Idsert had met aandacht geluisterd.
“Zo heb ik het nog niet bekeken”, sprak hij bedachtzaam, om vervolgens een andere wending aan het gesprek te geven.
“Ik heb er alle vertrouwen in dat met deze Koning een nieuwe tijd aanbreekt, want hij maakt zich sterk voor tolerantie, verdraagzaamheid en verzoening tussen de verschillende bevolkingsgroepen Èn hij probeert de economische groei te herstellen
en laat kanalen en wegen aanleggen. Zijn bijnaam Koning-Koopman draagt hij met ere.”

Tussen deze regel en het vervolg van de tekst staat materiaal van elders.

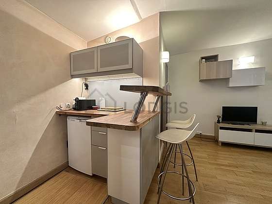 Questo appartamento dispone di una cucina con del parquet al suolo e tutto l'equipaggiamento essenziale per la vita quotidiana : piani di cottura, frigorifero, microonde multifunzione, congelatore, tostapane, bollitore elettrico, caffettiera, armadio, sink.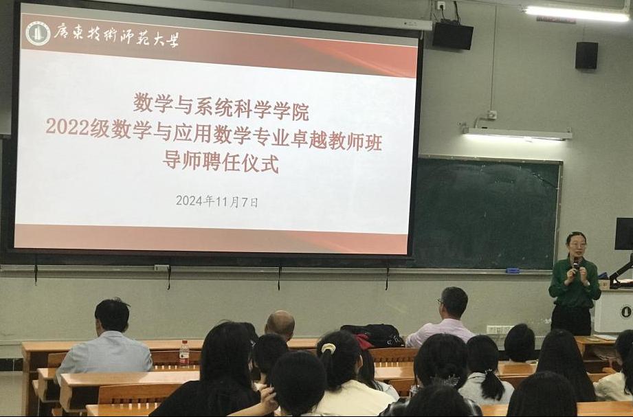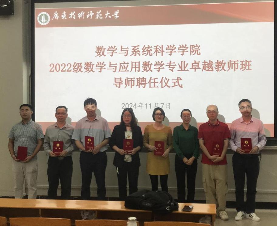 为了切实落实公司“卓越教师班”教学目标,打造“卓越教师班”品牌特色,进一步提升“卓越教师班”人才培养质量,11月7日,伟德国际1946bv官网数学师范专业卓越教师班导师聘任仪式在白云校区第三教学楼108举行。公司经理梁海华、副经理陈月红、数学系主任张广亮等十位校内导师和2022级数师卓越班全体同学参加了会议,会议由陈月红主持。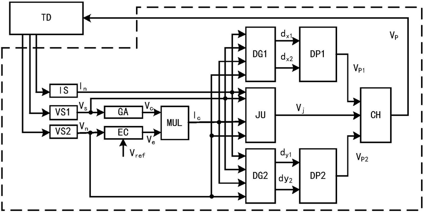 3.一种功率因数校正变换器均值电流控制装置,其特征在于:包括电流检测电路IS、第一电压检测电路VS1、第二电压检测电路VS2、补偿器EC、放大器GA、乘法器MUL、第一占空比生成器DG1、第二占空比生成器DG2、第一脉宽调制器DP1、第二脉宽调制器DP2、判断器JU和选择器CH;第一电压检测电路VS1、放大器GA、乘法器MUL依次相连;第二电压检测电路VS2、补偿器EC、乘法器MUL依次相连;电流检测电路IS与第一占空比生成器DG1、判断器JU、第二占空比生成器DG2分别相连;第一电压检测电路VS1与第一占空比生成器DG1、判断器JU、第二占空比生成器DG2分别相连;第二电压检测电路VS2与第一占空比生成器DG1、判断器JU、第二占空比生成器DG2分别相连;乘法器MUL与第一占空比生成器DG1、判断器JU、第二占空比生成器DG2分别相连;第一占空比生成器DG1、第一脉宽调制器DP1、选择器CH依次相连;判断器JU与选择器CH相连;第二占空比生成器DG2、第二脉宽调制器DP2、选择器CH依次相连。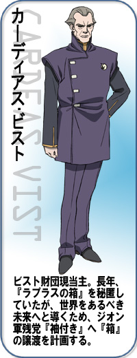 畢斯特財團的宗主賽亞姆・畢斯特於U.C.0001年發現的謎樣物體。據說只要將『盒子』打開,就會揭發足以顛覆地球聯邦的秘密。 |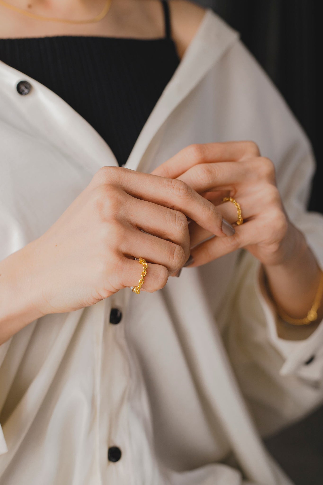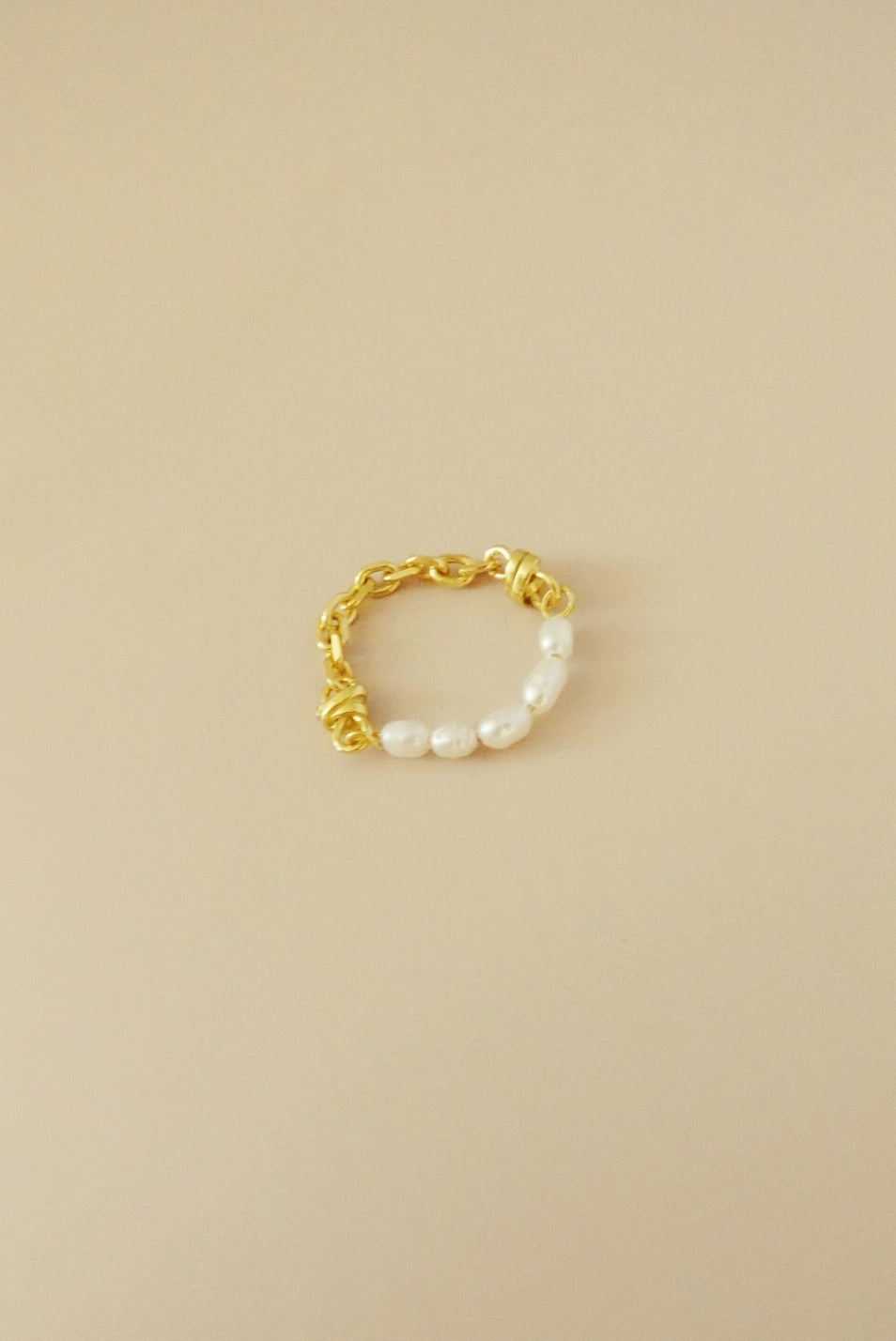 しっかりめのゴールドのチェーンと淡水パールの組み合わせがとても可愛いリングです!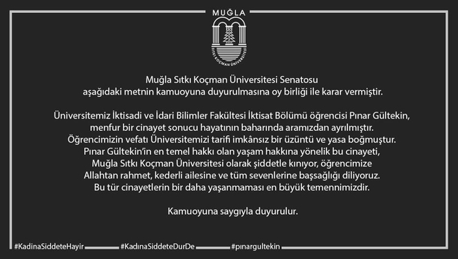 Senato açıklamasında şunları kaydetti: "Üniversitemiz İktisadi ve İdari Bilimler Fakültesi İktisat Bölümü öğrencisi Pınar Gültekin, menfur bir cinayet sonucu hayatının baharında aramızdan ayrılmıştır. Öğrencimizin vefatı üniversitemizi tarifi imkansız bir üzüntü ve yasa boğmuştur. Pınar Gültekin'in en temel hakkı olan yaşam hakkına yönelik bu cinayeti, Muğla Sıtkı Koçman Üniversitesi olarak şiddetle kınıyor, öğrencimize Allah'tan rahmet, kederli ailesine ve tüm sevenlerine başsağlığı diliyoruz. Bu tür cinayetlerin bir daha yaşanmaması en büyük temennimizdir."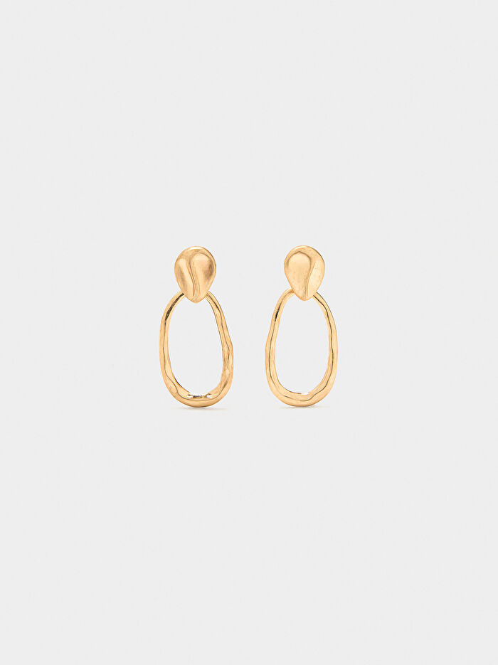 Düzensiz şekilli uzun halka küpeler. Eskitilmiş efekt.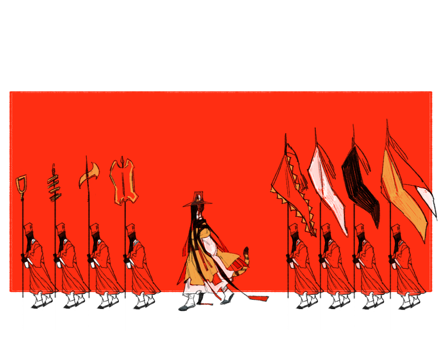 6+boys animal_ears arms_behind_back dream_tiger_(govy9807) flag full_body gat_(hat) hanbok hat hiryuu_(kugelcruor) holding humanization korean_clothes limited_palette long_sleeves looking_to_the_side male_focus multiple_boys orange_hanbok original red_background simple_background tail tiger_boy tiger_ears tiger_tail walking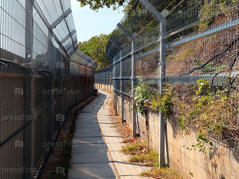 Пешеходный переход огорожен бордюрной металлической решеткой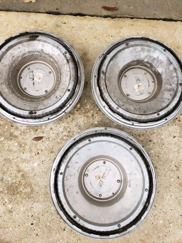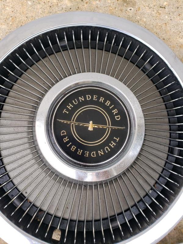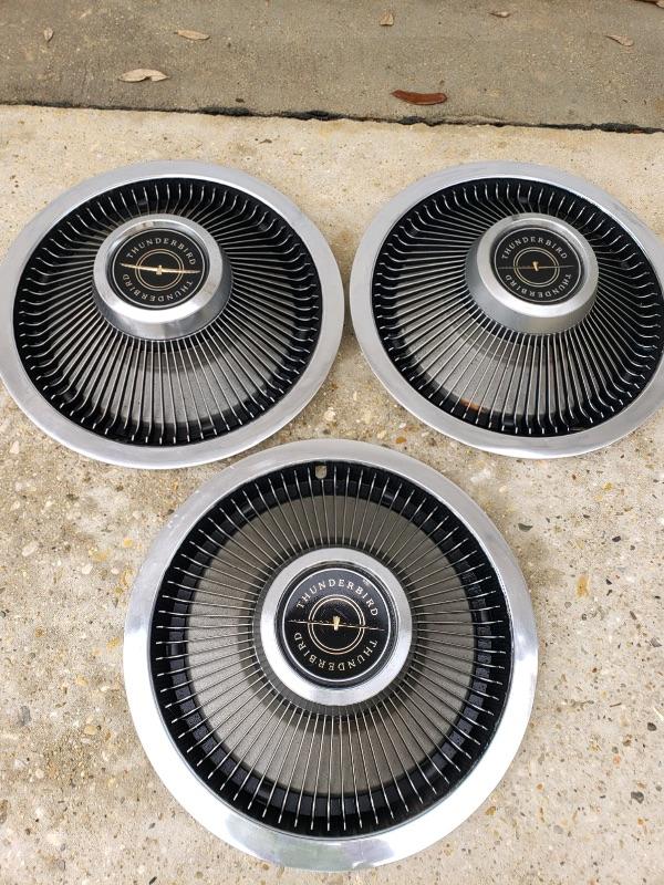 Three vintage Thunderbird hubcaps, + one similar, 60s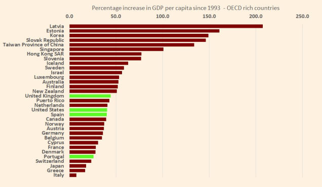 В Латвии самый высокий показатель роста ВВП на душу населения с 1993 года у в сравнении с любой передовой страной мира.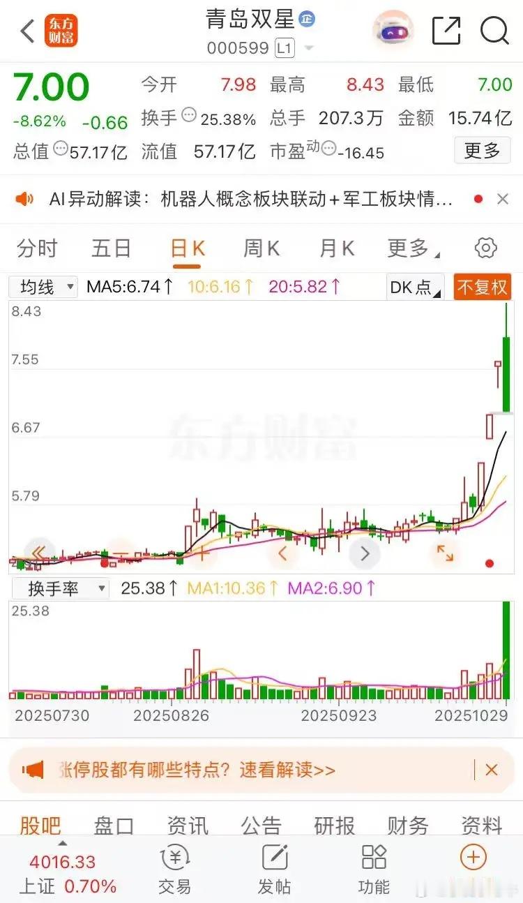 青岛双星跌幅8.62%收盘报收7.00元每股,成交金额放大到15.74亿元,明天应该反包的,不过龙虎榜东方财富家人太多,有点难搞!!!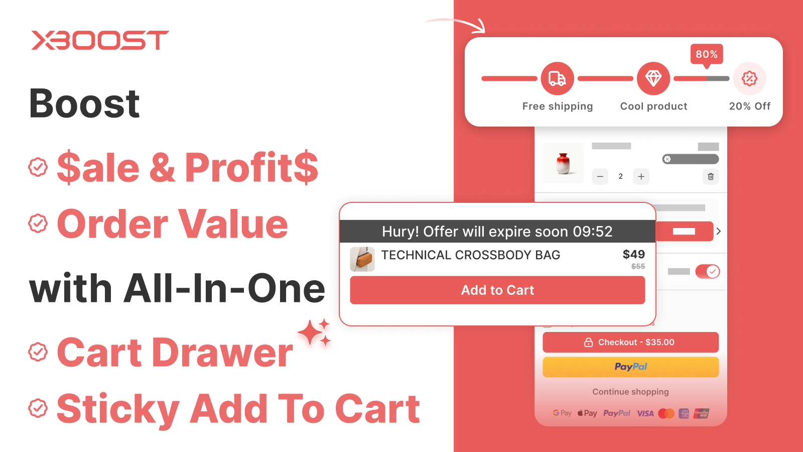 Xboost is optimized to enhance both AOV and CR with targeted features. For AOV, AI-Powered Cart Upsell recommends relevant products, and Cart Addons like Shipping Protection add value to each order. For CR, the Free Shipping Bar encourages higher spending, Sticky Add to Cart keeps the cart accessible, Trust Badges build trust, Announcements with countdowns prompt quick action, and Express Payment streamlines checkout. With Xboost, create a seamless, revenue-boosting cart experience.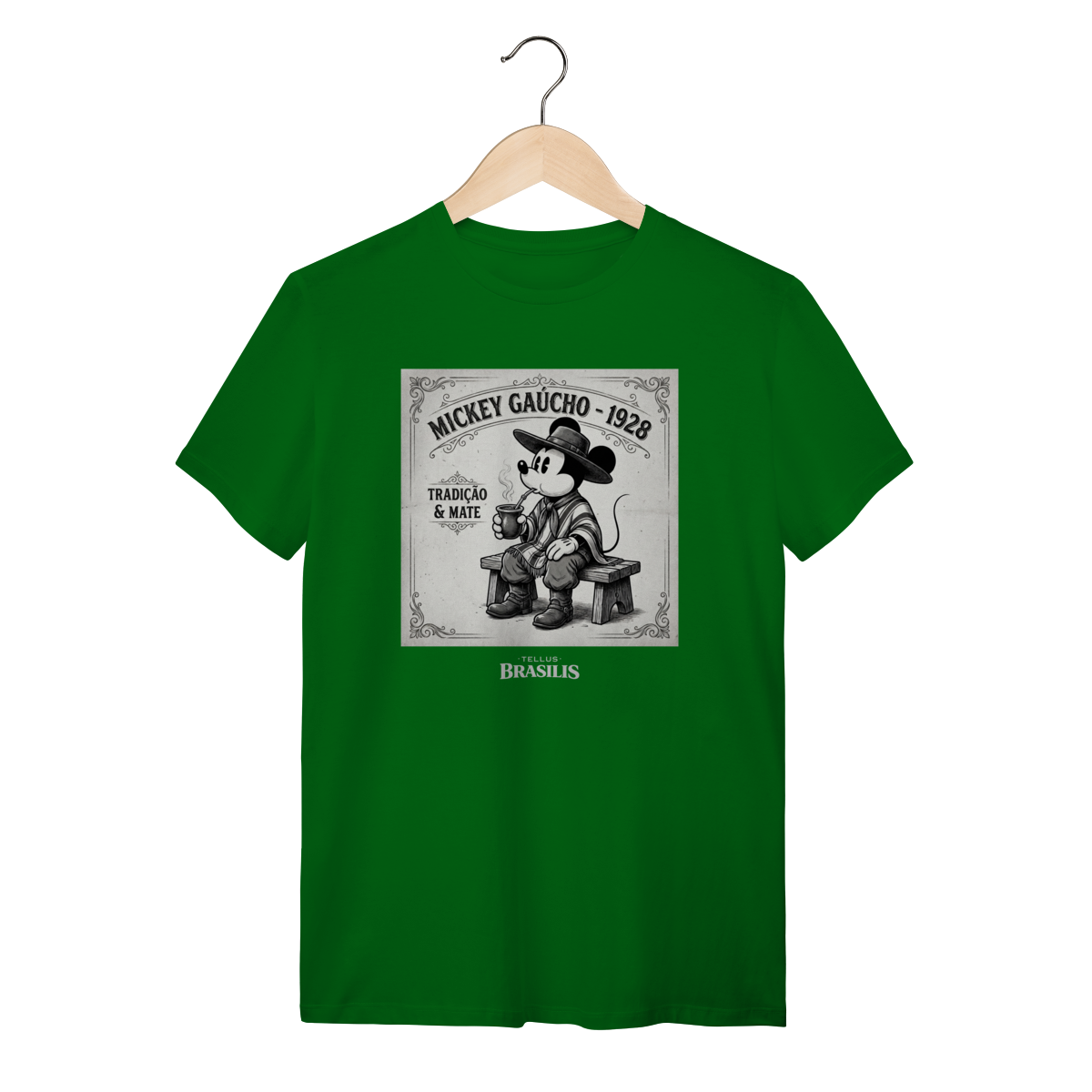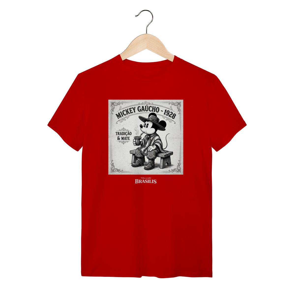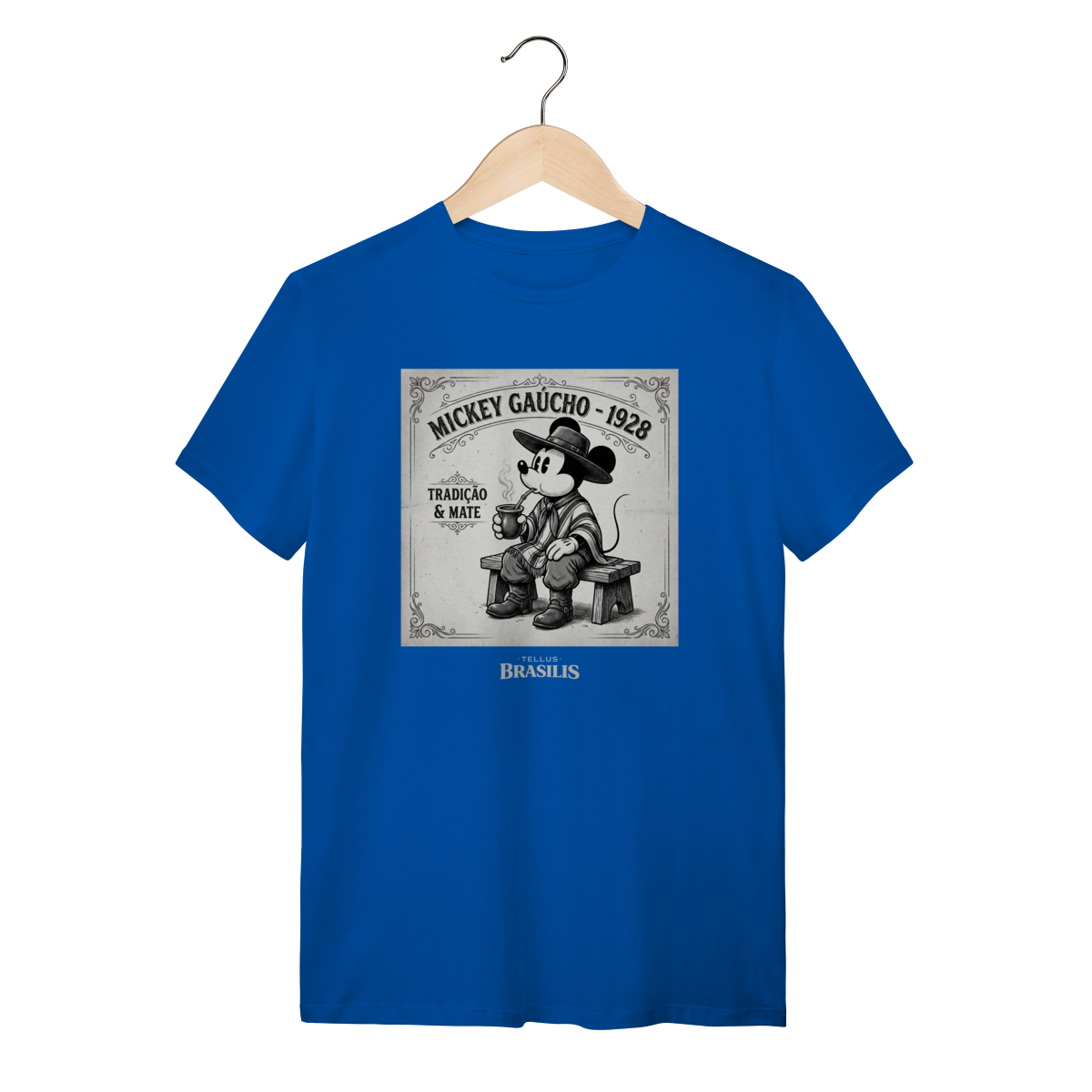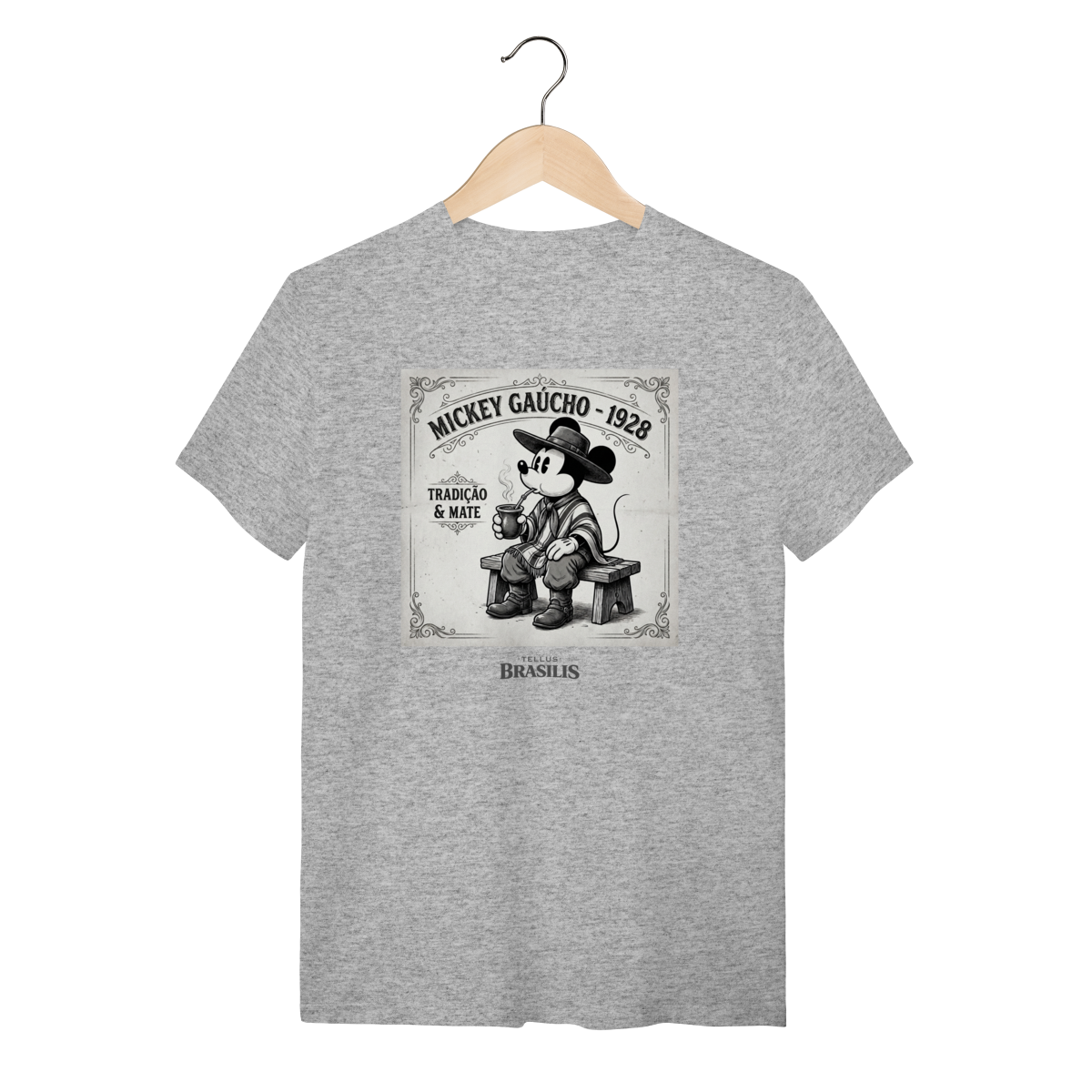 Uma estampa que mistura nostalgia, tradição e bom humor. Inspirada no Mickey de 1928, a arte traz o personagem em versão gaúcha, sentado no banquinho, pilchado, chapéu na cabeça e mateando com toda a calma de quem respeita o tempo do chimarrão. O traço vintage em preto e branco reforça o clima retrô, enquanto os detalhes do mate e da indumentária gaúcha dão identidade e personalidade à cena.

Idsert was zo te horen nog een echte Orangist.
Na het middageten hebben we nog wat jeugdherinneringen opgehaald met als hoogtepunten het planetariumspel en de ontdekking van de hemel,
samen met mijn vader, vanaf het jaagpad.
“Je had toen ook al een boekje gemaakt over de hemellichamen”, zei Idsert.
“Je bedoelt dit”, en ik liet hem het boekje zien, dat ik op mijn zesde verjaardag van mijn moeder en vader had gekregen en waarmee alles lang geleden
was begonnen.
Idsert bladerde erin en riep verrast: ”Wat is dit?” en wees naar een tekening van mijn eerste ‘Ooievaar’ met de twaalf
sterren en hun namen. “Daar sta ik ook bij, maar dat heb je mij nooit verteld!”
“Het was net als het planetariumspel en de zonnewijzer
ook maar een spelletje.”
“Maar dat spelletje is wel uitgegroeid tot een echt planetarium en voor in de gevel staan nu een echte Zonnewijzer
en een volwassen Ooievaar”.
Ik liet Idsert vervolgens de tekeningen zien van de twee gevelstenen met de namen van de twaalf sterren en twaalf uren.
“Ja, dat had ik al begrepen” zei Idsert lachend, “ik heb plaats moeten maken voor een andere vriend!”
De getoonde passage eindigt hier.